Eliza began to laugh and at the same time feel sorry for Amanda. Vittorio was now about two hundred yards away from her, picking cream-coloured roses off a bush. She watched him gather sprigs of laurel and several white wild iris. He was forming a bouquet for her. He bent down and picked some long green grass and used it to tie the flowers together so they might remain in a bunch.

As she gazed down the road at her lover, Eliza marvelled at how little Vittorio’s looks had changed. She saw him still as a young man though he was middle-aged now and had some grey streaks in his hair. As he walked towards her, his offering in his hand, once more clearing twigs and stones from the drive, she was reminded of the several months that had passed before they committed themselves to a sexual life together.

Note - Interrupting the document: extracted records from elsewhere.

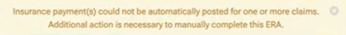 Manual entry is required. The ERA payment and write-off adjustment are not posted.
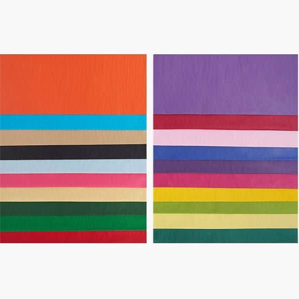20 assorted colors of 20x30in tissue sheets. 480 total sheets. Color Flo Tissue Paper is made from 100% Post Industrial Recycled Fibers. Green Way Eco-Friendly Packaging. Colors included are Red, Festive Green, Forest Green, French Vanilla, Azalea, Purple, Dark Blue, Light Pink, Cranberry, Lavender, Teal, Light Yellow, Oasis Green, Dandelion, Cerise, Light Blue, Black, Desert Tan, Turquoise, and Orange.
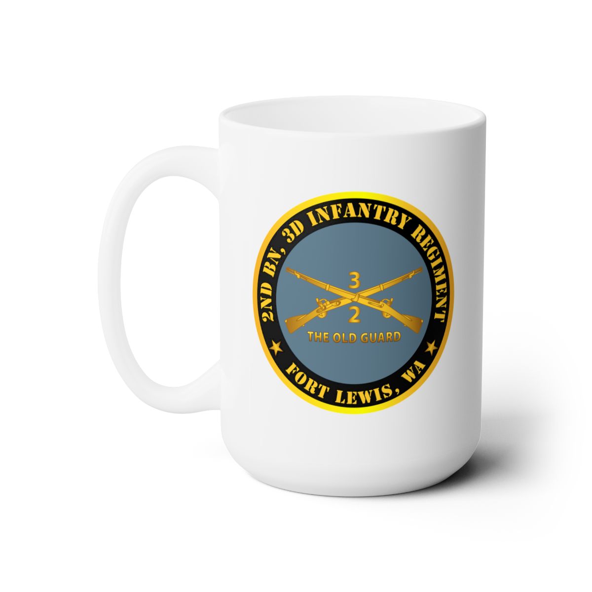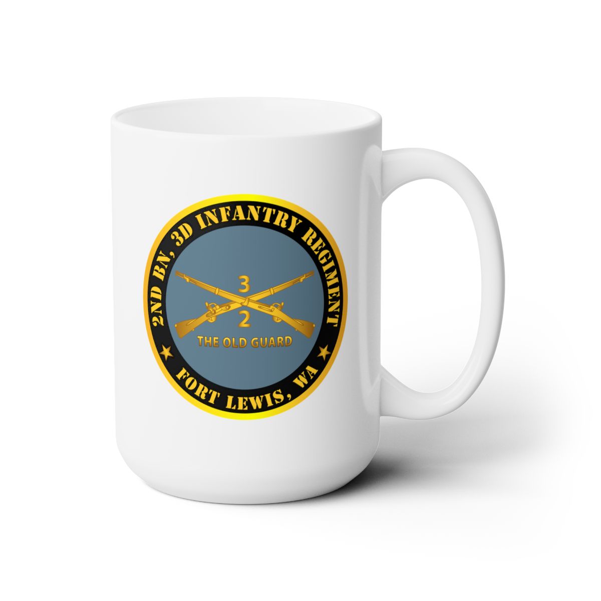 White Ceramic Mug 15oz - Army - 2nd Bn 3d Infantry Regiment - Ft Lewis, WA - The Old Guard w Inf Branch
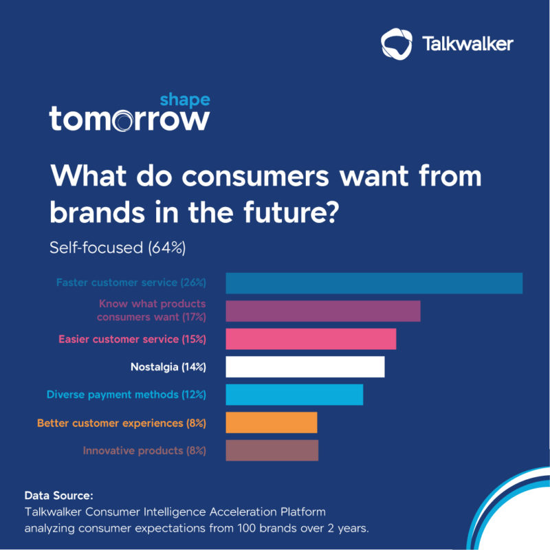 绝大多数(64%)的对话是自我最常见的这类消费者的期望是更快的客户服务(26%),了解消费者的需求(17%),和客户服务(15%)。
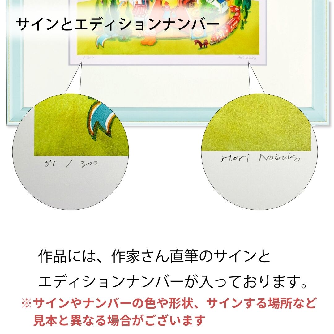 図柄ごとに作家のサイン、エディションナンバーつきの版画作品で数量限定販売になっています。
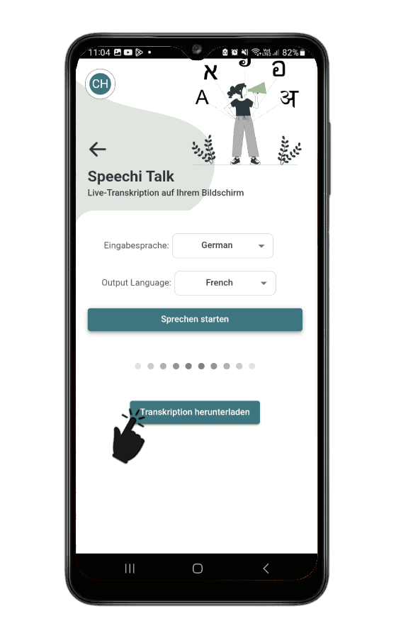 Auf dem oberen Teil des interaktiven Whiteboards erscheint dann die Transkription Ihrer Worte in der Sprache Ihres mehrsprachigen Schülers. Am Ende des Unterrichts, wenn Sie Speechi Talk beenden, können Sie ein Dokument herunterladen, in dem Ihre Rede in Ihrer Sprache transkribiert ist. Sie können dieses Dokument Ihrem Schüler unverändert zur Verfügung stellen – oder es zuvor bearbeiten.
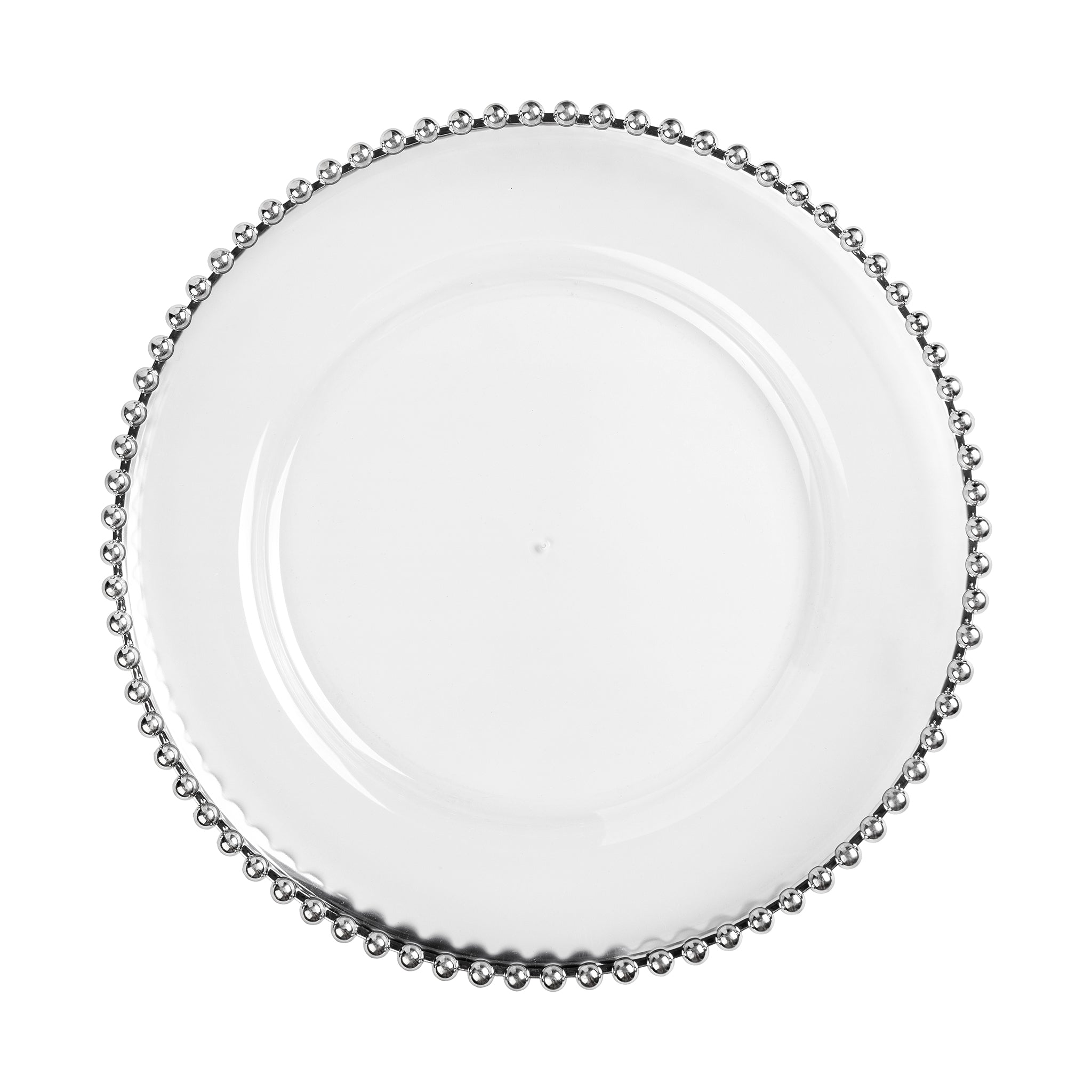 Acrylic Beaded 13” Round Charger Plate - Silver

Wherever they had gone there had always been women interested in Vittorio, most especially the foreign women living in and around the area. It was true there was a raw sexuality about him. He was like a tom cat always in heat, or at least that was the way he looked. And that kind of sexuality and the pride with which he walked, did rather label him. After his and Eliza’s first sexual encounter, it had rather labelled her as well, for they found it impossible to keep their sensual delight in each other to themselves. They glowed with it.